* Exercise description: All of the data is to be printed exactly, though the images must be left off.

* Data shown:
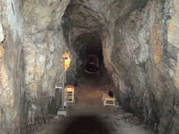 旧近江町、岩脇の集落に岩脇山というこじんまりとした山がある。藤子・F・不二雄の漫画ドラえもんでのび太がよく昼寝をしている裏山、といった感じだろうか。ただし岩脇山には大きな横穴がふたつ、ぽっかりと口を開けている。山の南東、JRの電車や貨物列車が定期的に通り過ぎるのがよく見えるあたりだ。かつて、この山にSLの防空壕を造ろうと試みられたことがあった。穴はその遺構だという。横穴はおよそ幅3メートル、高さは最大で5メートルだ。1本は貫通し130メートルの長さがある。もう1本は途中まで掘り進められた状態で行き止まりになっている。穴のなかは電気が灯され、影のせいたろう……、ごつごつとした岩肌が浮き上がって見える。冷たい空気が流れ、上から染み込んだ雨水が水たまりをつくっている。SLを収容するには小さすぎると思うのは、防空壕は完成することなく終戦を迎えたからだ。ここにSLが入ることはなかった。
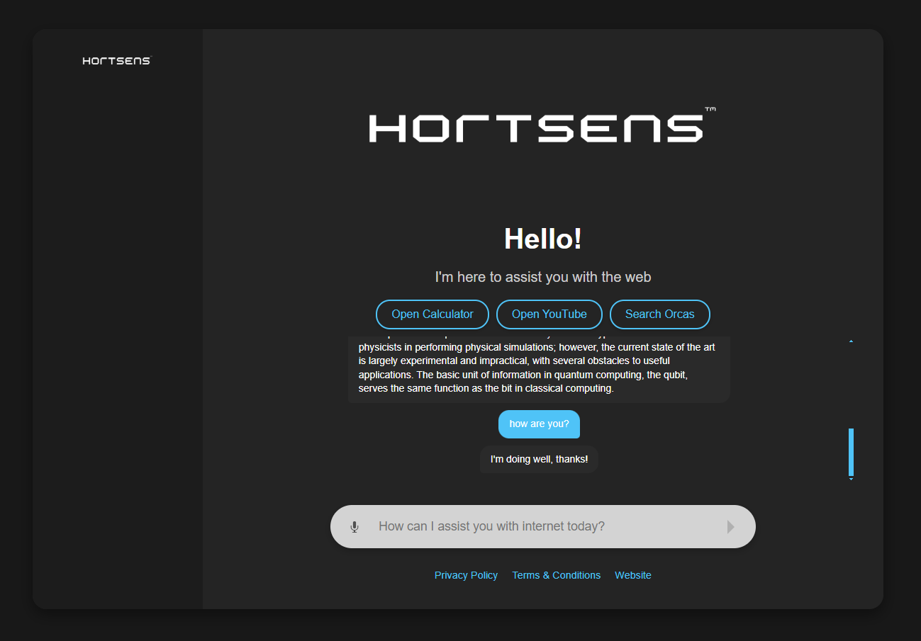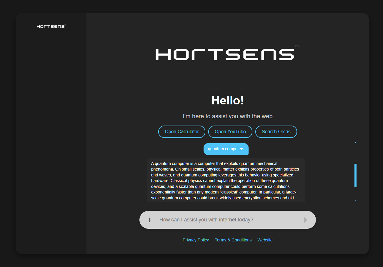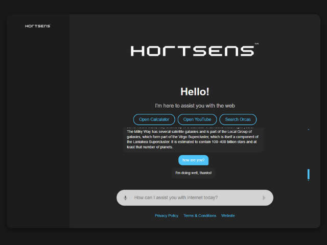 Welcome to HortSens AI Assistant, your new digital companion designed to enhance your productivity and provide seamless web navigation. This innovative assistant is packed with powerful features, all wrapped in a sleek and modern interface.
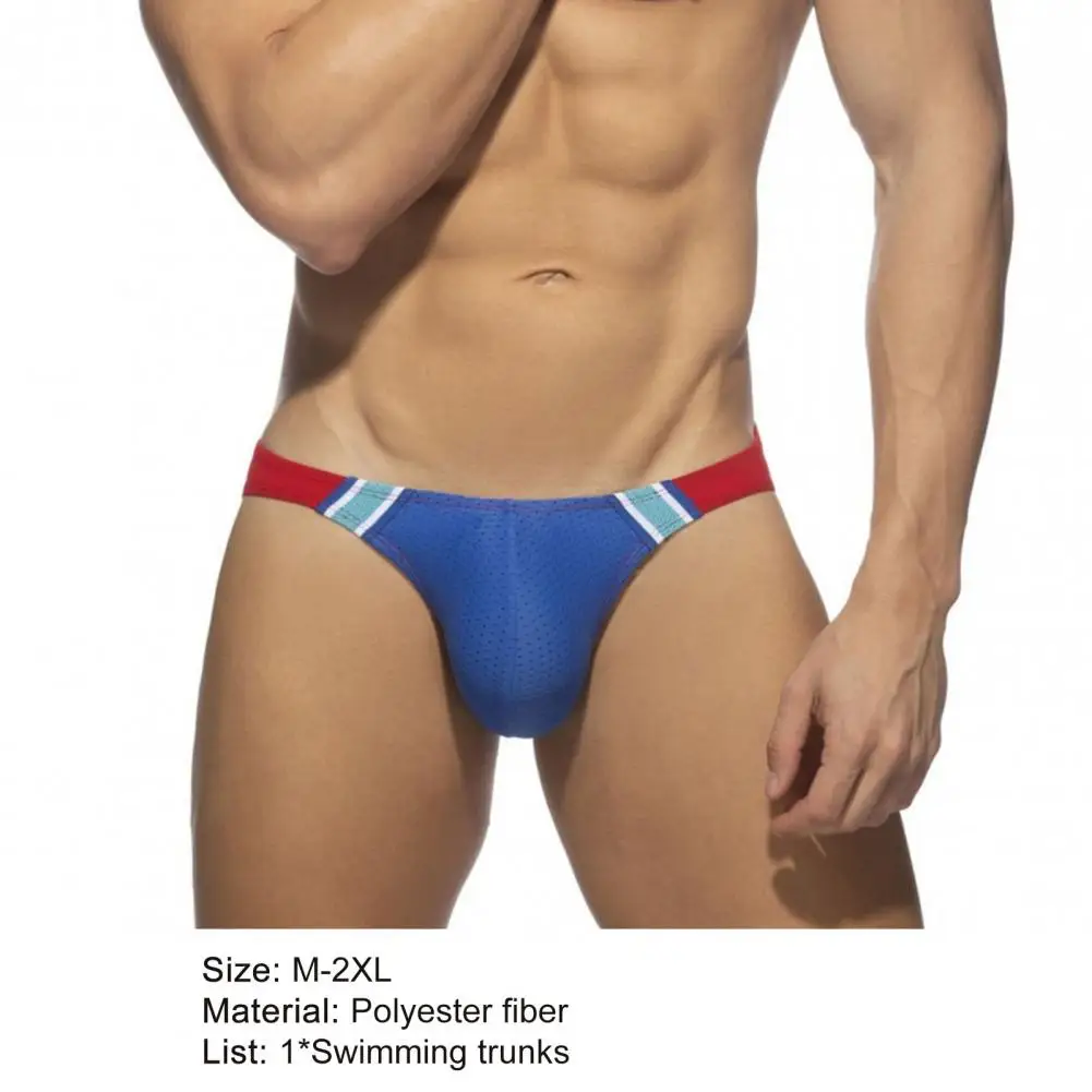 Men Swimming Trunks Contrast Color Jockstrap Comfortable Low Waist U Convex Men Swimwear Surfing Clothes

* The completed task:
 旧近江町、岩脇の集落に岩脇山というこじんまりとした山がある。藤子・F・不二雄の漫画ドラえもんでのび太がよく昼寝をしている裏山、といった感じだろうか。ただし岩脇山には大きな横穴がふたつ、ぽっかりと口を開けている。山の南東、JRの電車や貨物列車が定期的に通り過ぎるのがよく見えるあたりだ。かつて、この山にSLの防空壕を造ろうと試みられたことがあった。穴はその遺構だという。横穴はおよそ幅3メートル、高さは最大で5メートルだ。1本は貫通し130メートルの長さがある。もう1本は途中まで掘り進められた状態で行き止まりになっている。穴のなかは電気が灯され、影のせいたろう……、ごつごつとした岩肌が浮き上がって見える。冷たい空気が流れ、上から染み込んだ雨水が水たまりをつくっている。SLを収容するには小さすぎると思うのは、防空壕は完成することなく終戦を迎えたからだ。ここにSLが入ることはなかった。
 Welcome to HortSens AI Assistant, your new digital companion designed to enhance your productivity and provide seamless web navigation. This innovative assistant is packed with powerful features, all wrapped in a sleek and modern interface.
 Men Swimming Trunks Contrast Color Jockstrap Comfortable Low Waist U Convex Men Swimwear Surfing Clothes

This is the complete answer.